ACTIVITY
Locate the line that contains "In der Adventszeit". Retype it and every line after it to the end of the records, exactly, but not the pictures.

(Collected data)
BEGIN

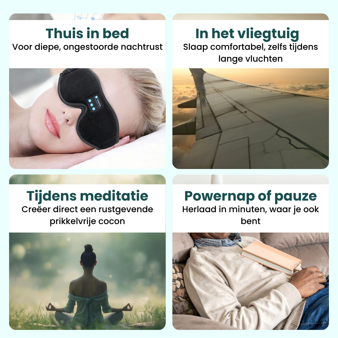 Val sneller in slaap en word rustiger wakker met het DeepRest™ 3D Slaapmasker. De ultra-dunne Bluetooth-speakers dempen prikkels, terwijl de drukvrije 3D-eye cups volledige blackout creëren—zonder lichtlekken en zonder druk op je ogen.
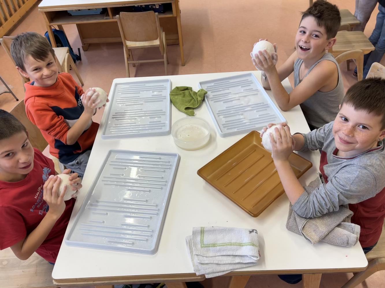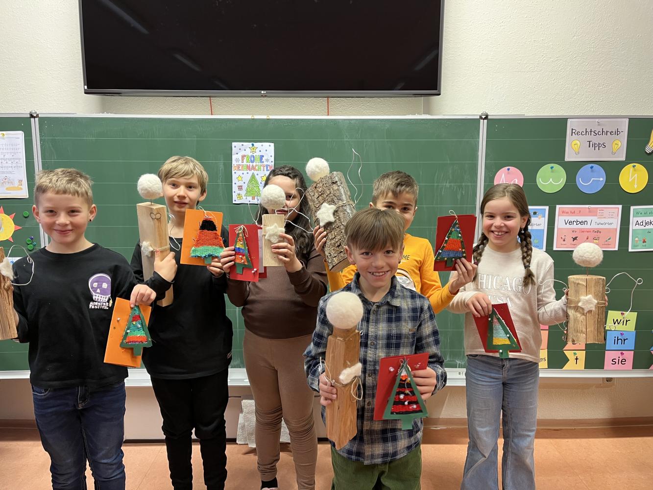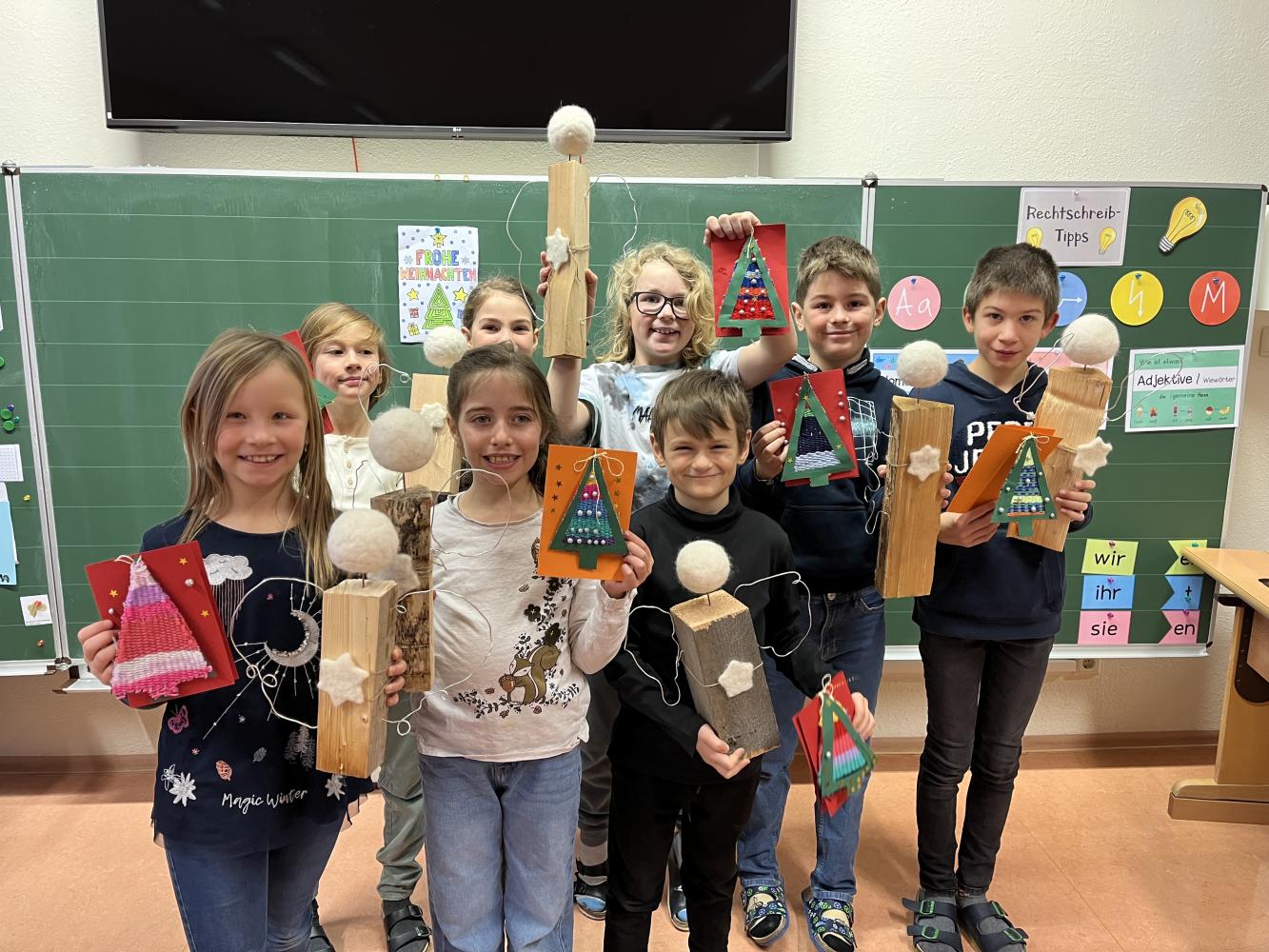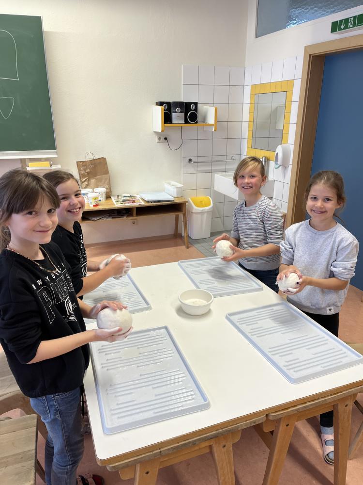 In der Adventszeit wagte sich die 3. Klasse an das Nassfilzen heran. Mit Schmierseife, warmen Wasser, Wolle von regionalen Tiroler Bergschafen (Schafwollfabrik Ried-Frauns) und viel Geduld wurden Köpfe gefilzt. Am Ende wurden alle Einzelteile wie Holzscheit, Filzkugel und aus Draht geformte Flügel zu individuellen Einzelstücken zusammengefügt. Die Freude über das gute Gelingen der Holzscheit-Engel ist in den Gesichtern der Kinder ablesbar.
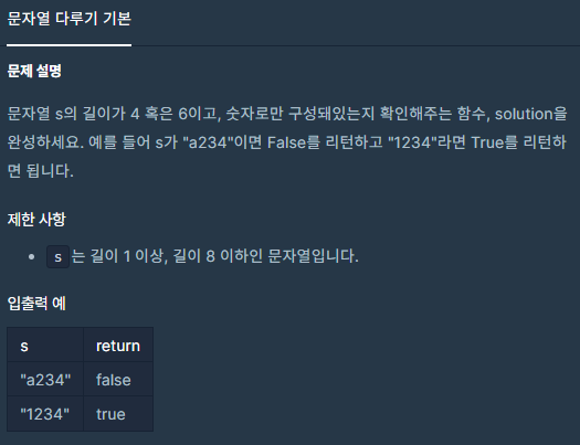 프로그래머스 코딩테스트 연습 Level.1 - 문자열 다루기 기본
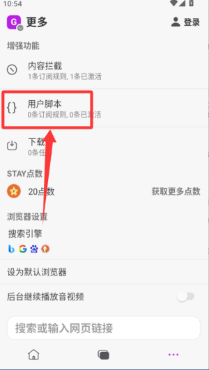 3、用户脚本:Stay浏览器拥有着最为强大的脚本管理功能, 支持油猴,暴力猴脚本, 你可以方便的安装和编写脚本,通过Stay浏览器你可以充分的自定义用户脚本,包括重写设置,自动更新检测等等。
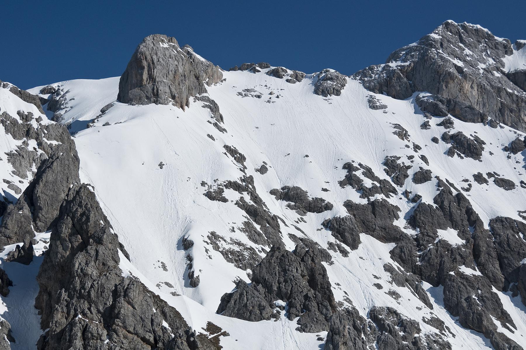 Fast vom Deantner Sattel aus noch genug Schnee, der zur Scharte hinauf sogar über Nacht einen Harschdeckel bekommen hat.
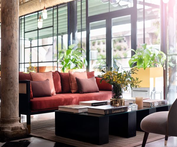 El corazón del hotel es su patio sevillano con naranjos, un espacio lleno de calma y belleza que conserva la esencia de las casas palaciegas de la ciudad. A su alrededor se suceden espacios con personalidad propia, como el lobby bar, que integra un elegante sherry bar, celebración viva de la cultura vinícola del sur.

END

WRITTEN ANSWER
 In der Adventszeit wagte sich die 3. Klasse an das Nassfilzen heran. Mit Schmierseife, warmen Wasser, Wolle von regionalen Tiroler Bergschafen (Schafwollfabrik Ried-Frauns) und viel Geduld wurden Köpfe gefilzt. Am Ende wurden alle Einzelteile wie Holzscheit, Filzkugel und aus Draht geformte Flügel zu individuellen Einzelstücken zusammengefügt. Die Freude über das gute Gelingen der Holzscheit-Engel ist in den Gesichtern der Kinder ablesbar.
 프로그래머스 코딩테스트 연습 Level.1 - 문자열 다루기 기본
 3、用户脚本:Stay浏览器拥有着最为强大的脚本管理功能, 支持油猴,暴力猴脚本, 你可以方便的安装和编写脚本,通过Stay浏览器你可以充分的自定义用户脚本,包括重写设置,自动更新检测等等。
 Fast vom Deantner Sattel aus noch genug Schnee, der zur Scharte hinauf sogar über Nacht einen Harschdeckel bekommen hat.
 El corazón del hotel es su patio sevillano con naranjos, un espacio lleno de calma y belleza que conserva la esencia de las casas palaciegas de la ciudad. A su alrededor se suceden espacios con personalidad propia, como el lobby bar, que integra un elegante sherry bar, celebración viva de la cultura vinícola del sur.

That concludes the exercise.